• _Work task_
While you copy the lines below, skip the pictures and keep the rest exact.

• _Data shown_
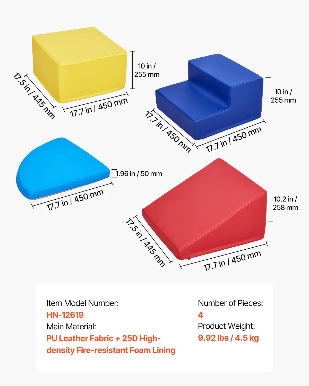 The soft, breathable PU fabric provides excellent waterproof and stain-resistant properties. Simply wipe away dust and stains with a damp cloth (avoid bleach). The lightweight design of the soft climbing blocks allows the blocks to be stacked and stored away, saving space when not in use.
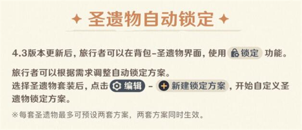 原神如何自动锁定圣物? 原神4.3版本即将上线圣物自动锁定功能。玩家需要完成套装锁定方案的编辑并启用自动锁定功能。今天小编给大家带来了圣物自动锁定方法图文攻略。需要这篇文章的玩家不妨来看看。
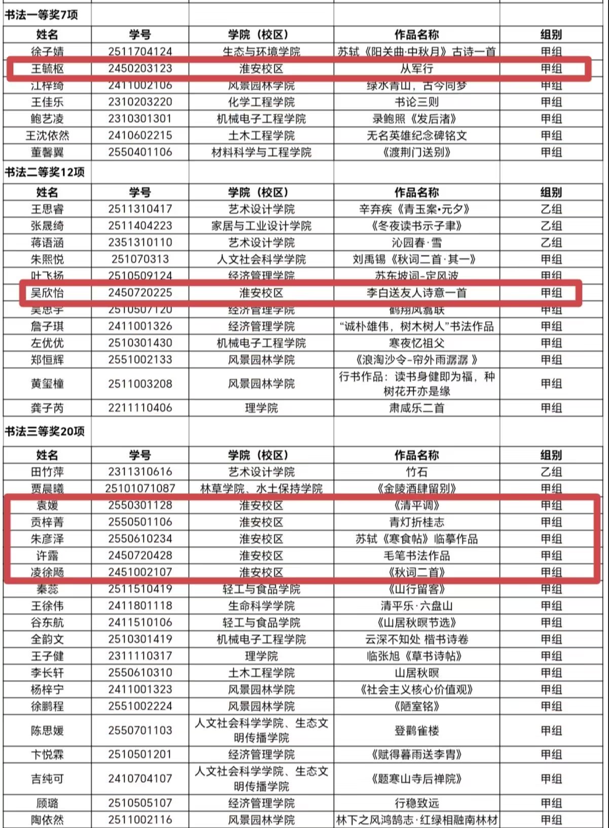 书法赛道上,校区学子收获一等奖1项、二等奖1项、三等奖5项,笔墨生香展书法底蕴。王毓枢的《从军行》获评甲组一等奖,吴欣怡的李白送友人诗意一首拿下甲组二等奖,袁媛、贡梓菁、朱彦泽、许露、凌徐飏五位同学的作品均获甲组三等奖,一撇一捺间尽显中华传统书法之美。

• _Answer section_
 The soft, breathable PU fabric provides excellent waterproof and stain-resistant properties. Simply wipe away dust and stains with a damp cloth (avoid bleach). The lightweight design of the soft climbing blocks allows the blocks to be stacked and stored away, saving space when not in use.
 原神如何自动锁定圣物? 原神4.3版本即将上线圣物自动锁定功能。玩家需要完成套装锁定方案的编辑并启用自动锁定功能。今天小编给大家带来了圣物自动锁定方法图文攻略。需要这篇文章的玩家不妨来看看。
 书法赛道上,校区学子收获一等奖1项、二等奖1项、三等奖5项,笔墨生香展书法底蕴。王毓枢的《从军行》获评甲组一等奖,吴欣怡的李白送友人诗意一首拿下甲组二等奖,袁媛、贡梓菁、朱彦泽、许露、凌徐飏五位同学的作品均获甲组三等奖,一撇一捺间尽显中华传统书法之美。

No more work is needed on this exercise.